A tail-less black sow on winter’s eve,
Thieves coming along knitting stockings. (Howard)
This seemingly nonsensical verse may combine forgotten goddess images with water spirit images. Different folktales about white ladies and about the White Lady appear throughout the British Isles. In one story, a man, seeing her in distress, asks her if he can help, and she asks him to hold on to her hands until she tells him to stop and her troubles would leave her. A barking dog distracted the man so he let go her hands—she disappeared, crying that she was bound for yet another seven years. In a gentler legend, a farmer saw a woman in white scattering rose petals in a sheep’s meadow. When she left, he gathered the flowers. The next day, the flowers disappeared, but he found three gold coins in their place (Hope).
In addition to these tales of enchantment, more frightening/less benign White Lady stories appear in different locales throughout Great Britain. In many of these tales, her character is a tragic figure—victim of murder or suicide—or is a guardian of treasure. In other stories, she appears as a spirit that dances in memoriam on the site of mass deaths, and in yet others she is herself a banshee and a death omen.

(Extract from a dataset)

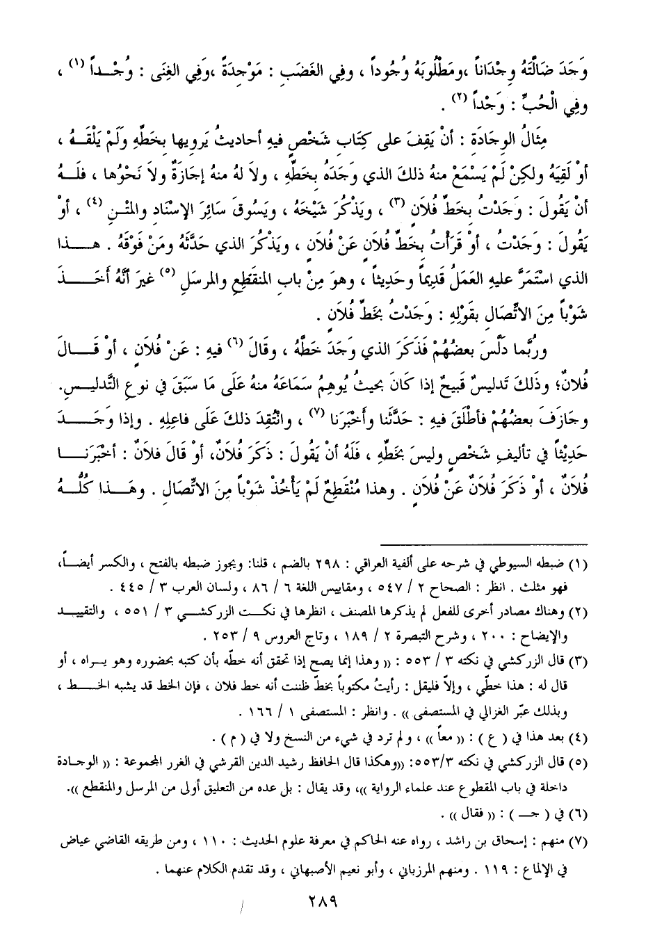 (¬5) قال الزركشي في نكته 3/ 553: ((وهكذا قال الحافظ رشيد الدين القرشي في الغرر المجموعة: ((الوجادة داخلة في باب المقطوع عند علماء الرواية))، وقد يقال: بل عده من التعليق أولى من المرسل والمنقطع)).

While often the stories speak of a white lady, in Wales the stories become specific: the Lady Wyn is a specific Lady in White associated with Samhain. A white lady, on the other hand, can refer to a specific class of spirits mainly notable for appearing wearing white, usually in traditional funeral shrouds.
Scholar J. C. Beck posits that White Lady/Lady Wyn lore is an example of the entity’s gradual downgrade as Paganism waned and Christianity rose in Great Britain. The Lady Wyn may have begun as a goddess, then downgraded to a water/well spirit, and at last downgraded to a ghost story. A black sow, often associated with Lady Wyn, at one time symbolized the goddess Cerridwen in her
crone aspect. This suggests that the Lady Wyn is actually the goddess Cerridwen, appearing to the inhabitants of the land in a new way (Cuhulain). As Christianity demonized Paganism in Europe, stories about her began to represent her as more wholly evil.